Jamon Iberico Bellota: The World’s Best Ham is from Extremadura, Spain
The complex culinary history of Extremadura goes back through thousands of years of migrating and conquering peoples – Lusitanian, Celtic, Roman, Arabs, to name but a few, – who all brought their dishes and different techniques and sensibilities for making the dishes of those before them, to create an amazing mix of flavors. The one constant being the rich pantry of foods Extremadura is famous for. It’s beef, Pork, olives, fruits, vegetables, and cheese all rival the finest in the world for quality and taste.
The classic proof of the importance of Extremadura’s culinary history comes from the unlikely remains of the burned library of the convent of San Benito de Alcantara. After Napoleon’s forces conquered the region, reports of the loss of manuscripts hundreds of years old confirm that the Kitchen Recipe Book of the convent was saved from the fire by the French General Junot. He gave it to his wife where it soon became the talk of Paris. Convention has it that this Spanish book of recipes eventually became the foundation of classic French cuisine. Or, as the famed French Chef Auguste Escoffier claimed, this recipe book was “the best trophy, the only good thing France got from the Spanish Independence War.”

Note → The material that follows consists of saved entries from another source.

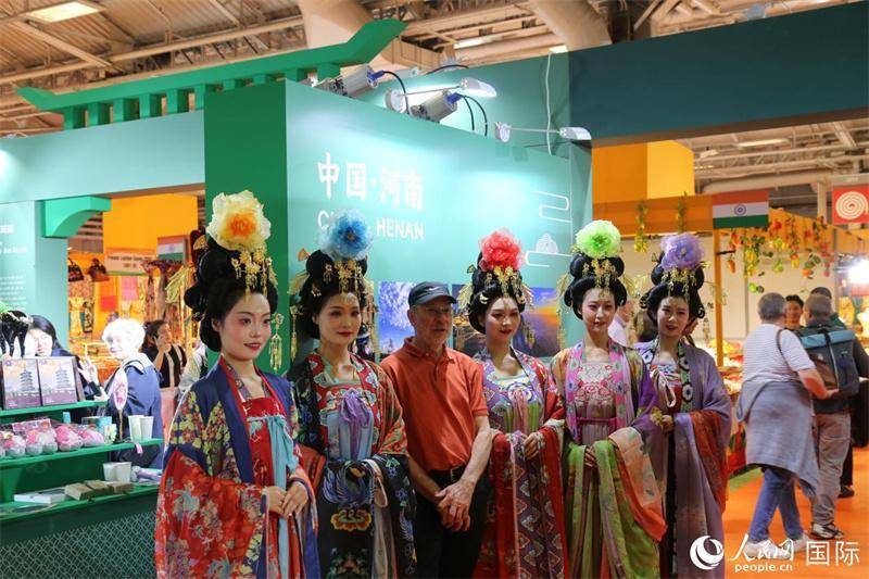 非遗文化展示成为展览的又一大亮点。台绣、团扇、剪纸、泥咕咕等传统工艺精品纷纷亮相,非遗传承人还现场示范,近距离向观众展示中华传统文化的独特魅力。在河南展区,不少参观者与身着唐代仕女服饰的参展人员合影留念。法国观众塞巴斯蒂安在合影后兴奋地告诉记者,“中国传统服饰精美绝伦,宛如一件件奢侈艺术品。”
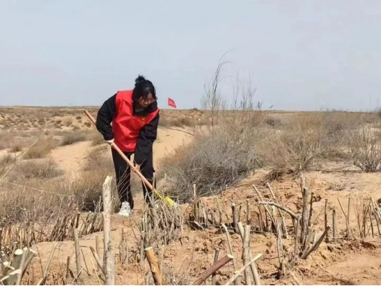 师晶晶在鄂托克前旗昂素镇进行毛乌素沙地治理工作。(受访者供图)
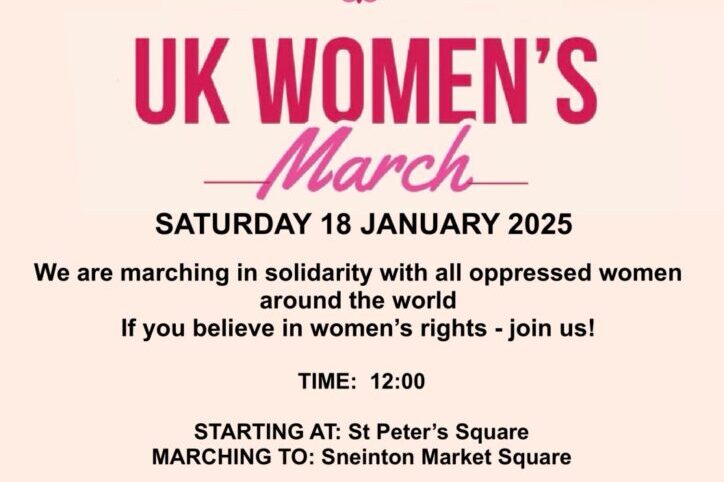 SATURDAY 18 JANUARY 2025 UK Women’s March are marching in solidarity with all oppressed women around the world. If you believe in Women’s rights – please join them! TIME: 12.00pm…
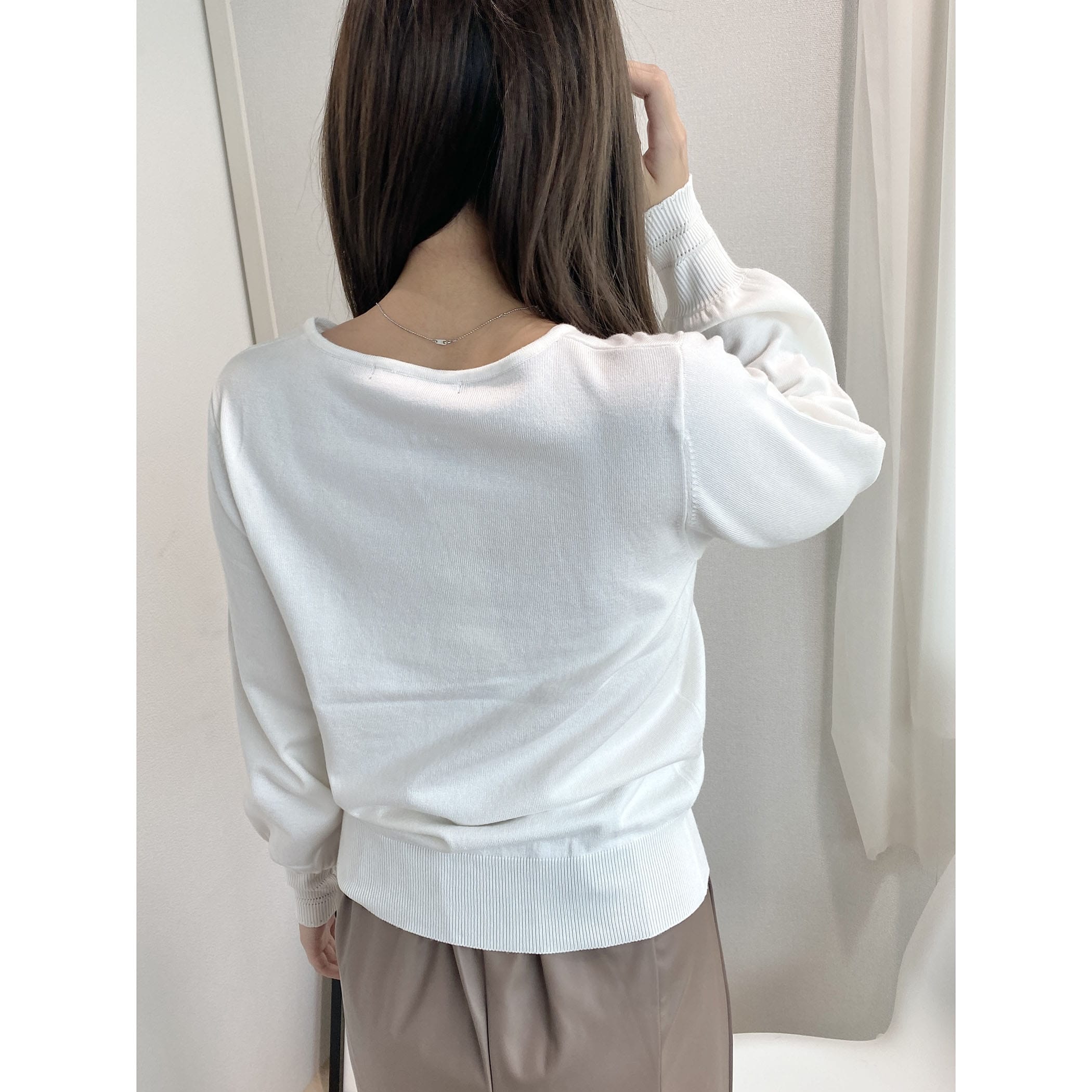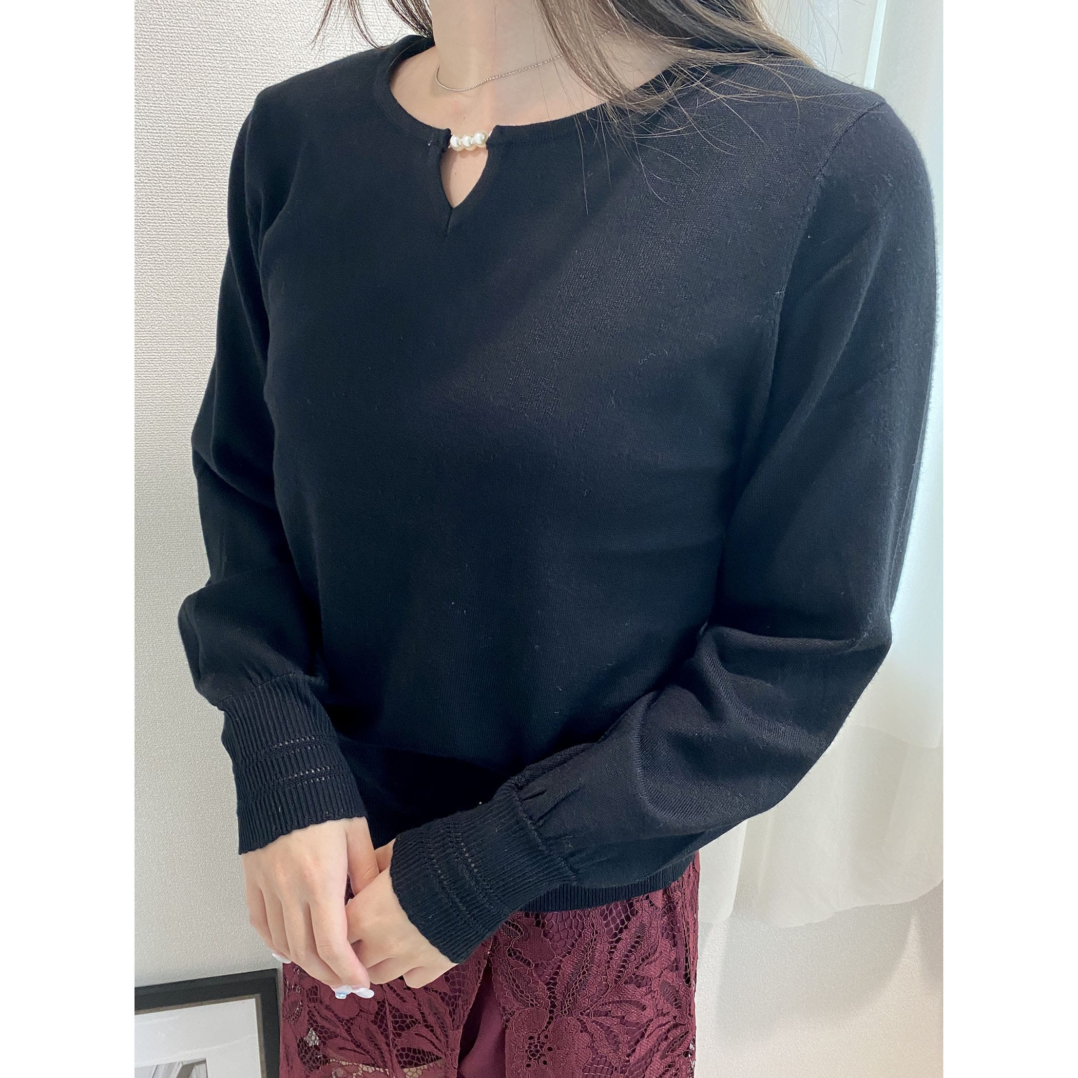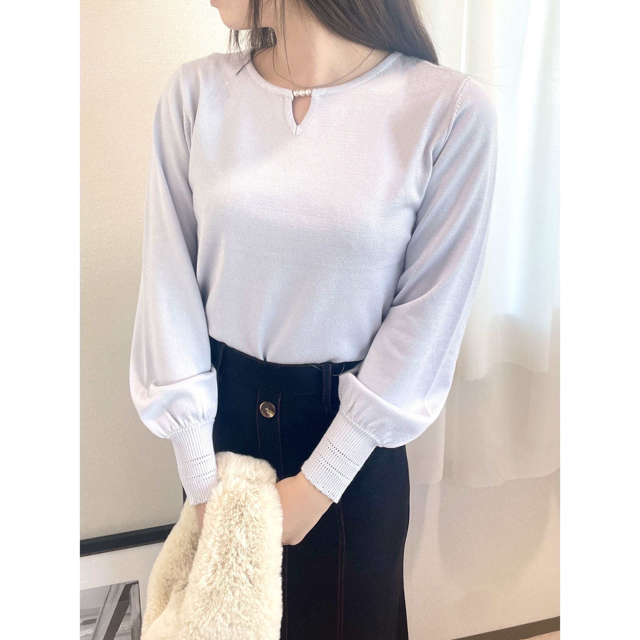 デコルテのパールが大人可愛いプルオーバー。ふんわりとした袖のボリュームと、透かし編みのリブが上品さも演出。スカート、パンツどちらにでも合わせやすいサイズ感で、着回し抜群の一枚です。ご家庭で手洗いも可能です。

Having dropped that bomb on French culinary sophisticates, let’s return to the subject of the cuisine of Extremadura. In Spain, a PDO is a Protected Designation of Origin, meaning specific criteria must be met to use that designation – sources, aging, processing, and appearance are all controlled. This is true for cheeses, hams, olive oil, breeds of animals and agricultural products.
Chief among the world-renowned culinary products of Extremadura is ham – Jamon. Basically, there are three styles of Jamon – Serrano, Iberico and Iberico bellota. Serrano is made from any breed of pig in Spain. Iberico refers to cured hams of the Iberico breed, but not fed on acorns. Iberico bellota are cured hams of the Iberico pig fed on acorns. In Extremadura, there are two PDOs – Iberico Bellota and Bellota, which is acorn fed but not 100% Iberico.
To produce these high-quality hams, the pigs are raised free-range in the unique environment of Extremadura called Dehesa, a mix of fields and wild holm and cork oak trees.
While they can be fed corn and grain as they mature, during the last four months of their lives the best are fed only acorns. It is during this time, referred to as the Montanera, that they nearly double their weight to more than 350 lbs. To put that in perspective, it takes 15 pounds of acorns for each pound they gain. Because the acorns contain the same oleic acid found in olive oil, the pig’s fat is monounsaturated – good for you – just like olive oil.
Once the pig is of a size to be butchered, the lengthy curing process begins. First, there’s a prepping of the leg that involves some skin and fat removal leaving a distinctive “V” on the ham. It is then covered in salt and refrigerated in 98% humidity for several weeks. Then it is washed to remove the salt and put into a vice-like device that presses it into a typical ham shape.
After curing for 90 to 120 days, beginning at 2 degrees centigrade (35.6 degrees Fahrenheit) and 98% humidity, then slowly adjusted until it finishes at room temperature and humidity, hams are hung for one to three years in a well-ventilated, shaded room to finish curing. Hams from the pigs who were fed acorns take the longest time. During the whole process, the ham will lose 1/3 of its original weight.
Each ham receives a color-coded tag. White is the lowest and meant for any pigs, not fed acorns. Green is for 50% pure Iberian pigs, not fed acorns. Red is for 50-75% Iberian pigs fed some acorns. Black is for 100% Iberian pigs fed acorns the last four months of their lives. They earn the coveted designation Jamon Iberico Bellota which many believe to be one of the finest hams in the world.
And now you know why they cost so much. A typical ham could sell for more than $1000 and take, from birth to cured ham, about five years to produce. But, with one taste you’ll know they’re worth it. During a tasting, I learned that a bite-sized paper-thin slice at room temperature should rest in your mouth as the fat melts and the flavors build. Then chewing it releases the umami combination of nutty, sweet, succulent goodness with the mouthfeel of rich olive oil – delicious!